Monday, April 28, 2014

Puppet Internals - Introduction to Modeling

What is a "model" really?

As you probably know, Puppet creates a Declarative Catalog that describes the desired system state of a machine. What you probably have not thought about is that this means that Puppet is actually Model Driven. The model in this case is the catalog and the descriptions of the desired state of a set of resources that is built by Puppet from the instructions given to it in the Puppet Programming Language.

While Puppet has always been based on this model, it has not been built using modeling technology. What is new in the future parser and evaluator features in Puppet is that we have started using modeling technology to also implement how Puppet itself works.

In this post, I am going to talk a bit about modeling in general, the Ecore modeling technology and the Ruby implementation of Ecore called RGen.

What is a "model" really?

If at first when you hear the word model, you think about Tyra Banks or Marcus Schenkenberg and then laugh a little because that is obviously not the kind of models we are talking about here.

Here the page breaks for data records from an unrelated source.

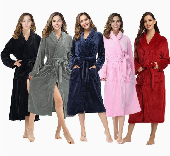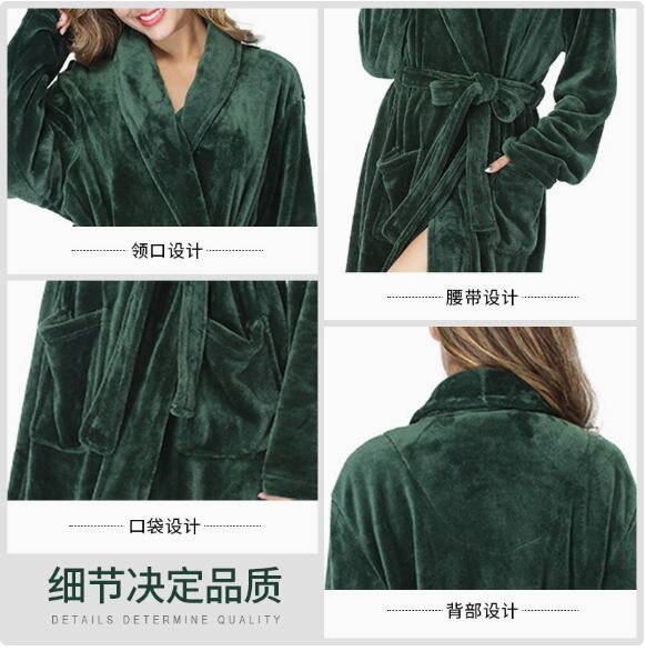 クロスボーダーラペル無地ローブバスローブ秋冬厚手パジャマロン548
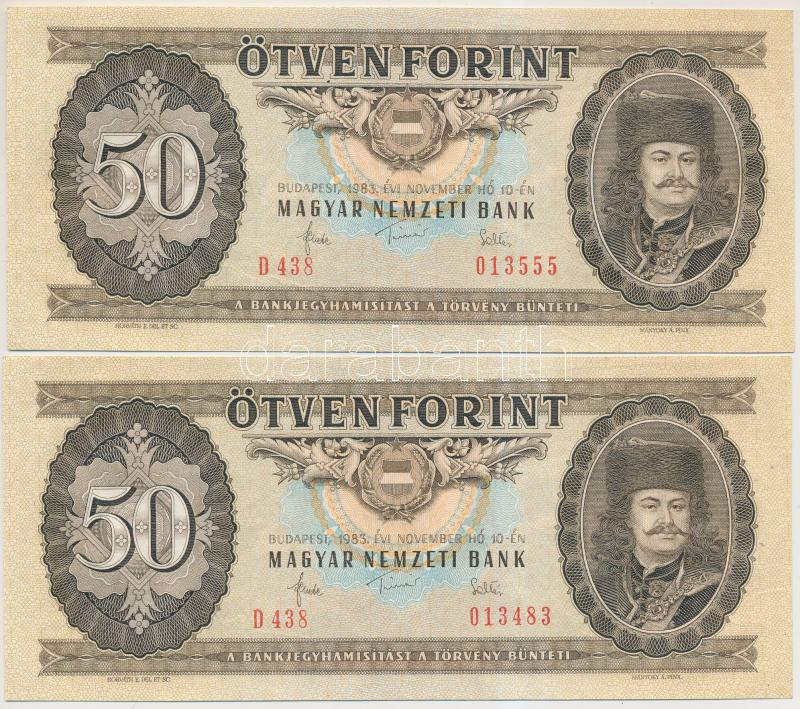 1983. 50Ft (2x) nyomdai papírráncokkal T:I https://www.darabanth.com/de/246-Fernauktion/246.0/Numismatik/Ungarische-Banknoten~400008/1983-50Ft-2x-nyomdai-papirrancokkal-TI~II1167776
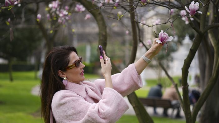İstanbul'un parklarında çiçek açan ağaçlar baharın tüm güzelliklerini sergilemeye başladı. İstanbullular ve turistler fırsat buldukça rengarenk açan çiçeklerin arasında bol bol fotoğraf çektiriyor.

You were actually not far off the mark.

A model is just an abstraction, and we use them all the time - they are the essence of any spoken language; when we talk about something like a "Car" we are talking about an unspecific instance of something like "a powered means of transportation, probably a 4 door sedan". Since it is not very efficient to communicate in that way, we use the abstraction "Car". Fashion models such as Tyra or Marcus are also abstractions of "people wearing clothes" albeit very good looking ones (perhaps you think they represent "people that do not wear enough clothes", but they are still abstractions).

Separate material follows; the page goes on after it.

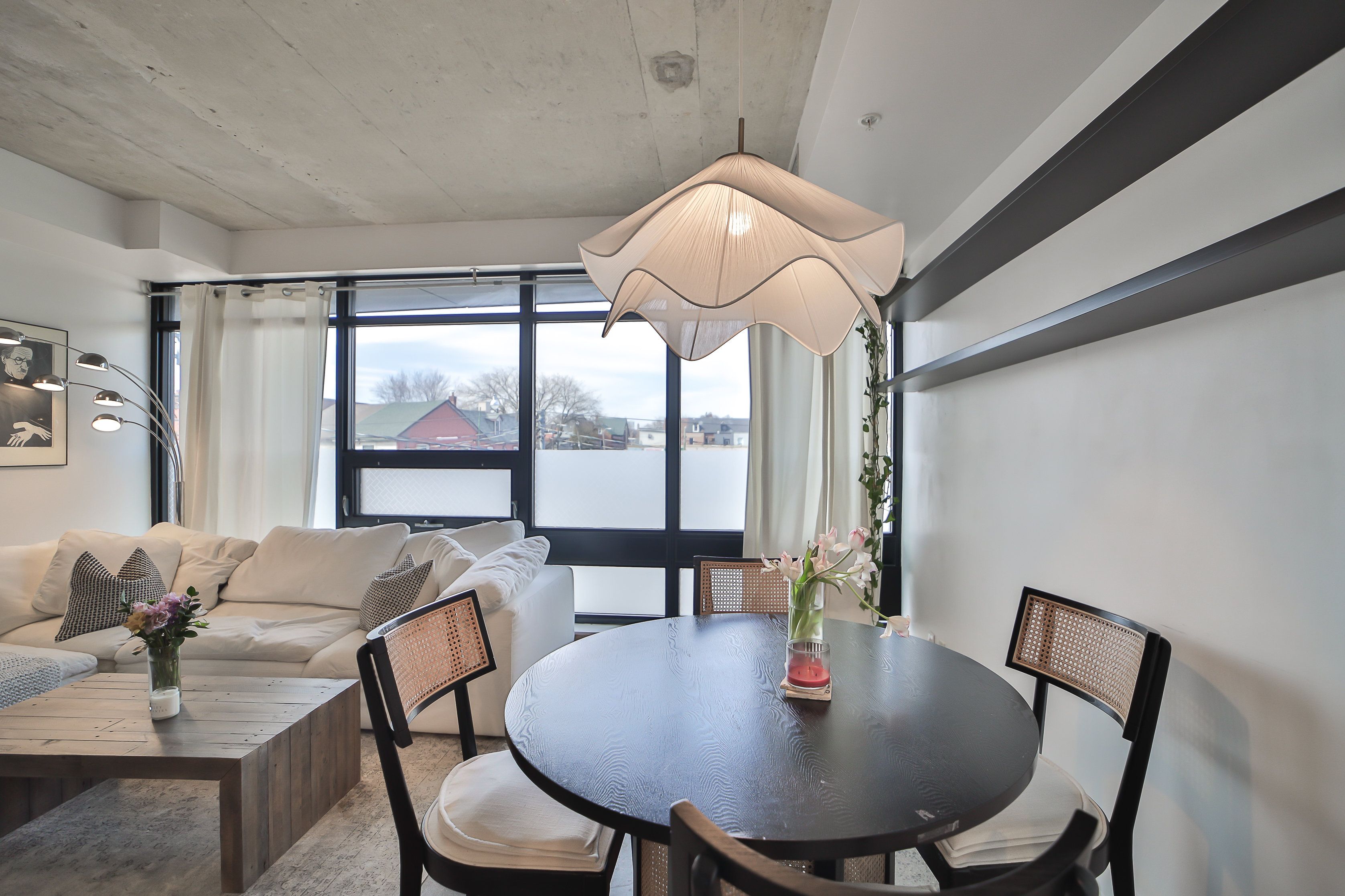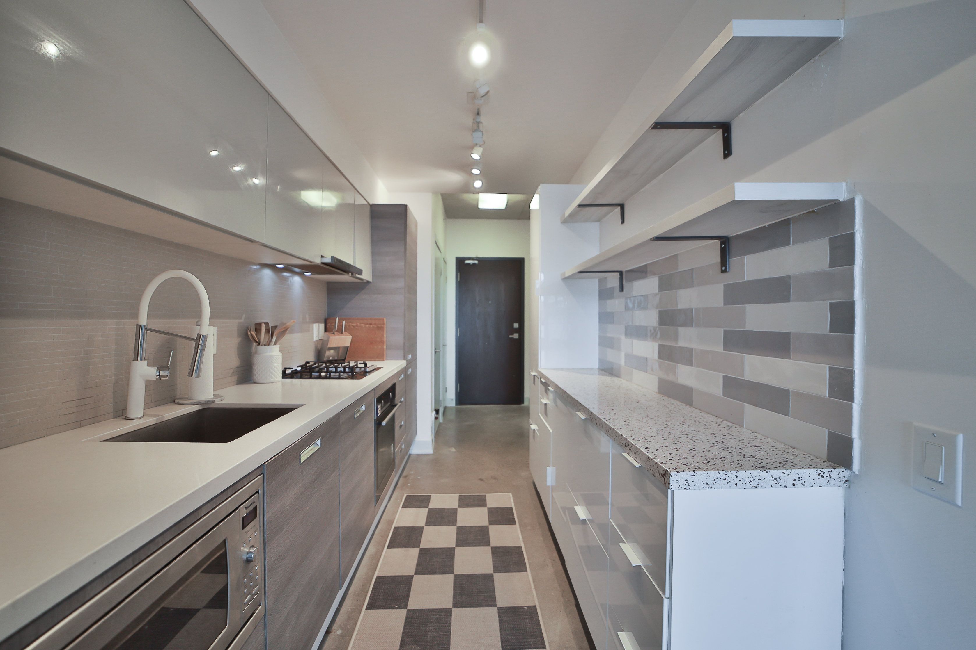 The abacus lofts - a low-rise 1 bedroom loft in trinity-bellwoods with a spacious and bright floor plan with high ceilings, floor to ceilingwindow. Close to the ossington strip, restaurants, cafes, lcbo, streetcar, subway, go-station, parks. This unit has been updated with aconcrete floor, floating shelves in the living room, custom cabinets in the bedroom, and an extra countertop and cabinets in the kitchen. Landlord will consider 1 year lease but would prefer a 2 year lease.

We can express a model concretely using natural language:

A Car has an engine, 2 to 5 doors, a steering wheel, breaks, and 3-4 wheels.
. . .

We can also express such a model in a programming language such as Ruby:

class Car
  attr_accessor :engine
  attr_accessor :doors
  attr_accessor :steering_wheel
  attr_accessor :breaks
  attr_accessor :wheels

. . .
end

As you can see in the above attempt to model a Car we lack the semantics in Ruby to declare more details about the Car's attributes - there is no way to declaratively state how many doors there could be, the number of wheels etc. There is also no way to declare that the engine attribute must be of Engine type, etc. All such details must be implemented as logic in the setter and getter methods that manipulate a Car instance. While this is fine from a runtime perspective (it protects us from mistakes when using the class), we can not (at least not easily) introspect the class and deduce the number of allowed doors, or the allowed type of the various attributes.

Introspection (or reflection) is the ability to programmatically obtain information about the expressed logic. Sometimes we talk about this as the ability to get meta-data (data about data) that describes what we are interested in.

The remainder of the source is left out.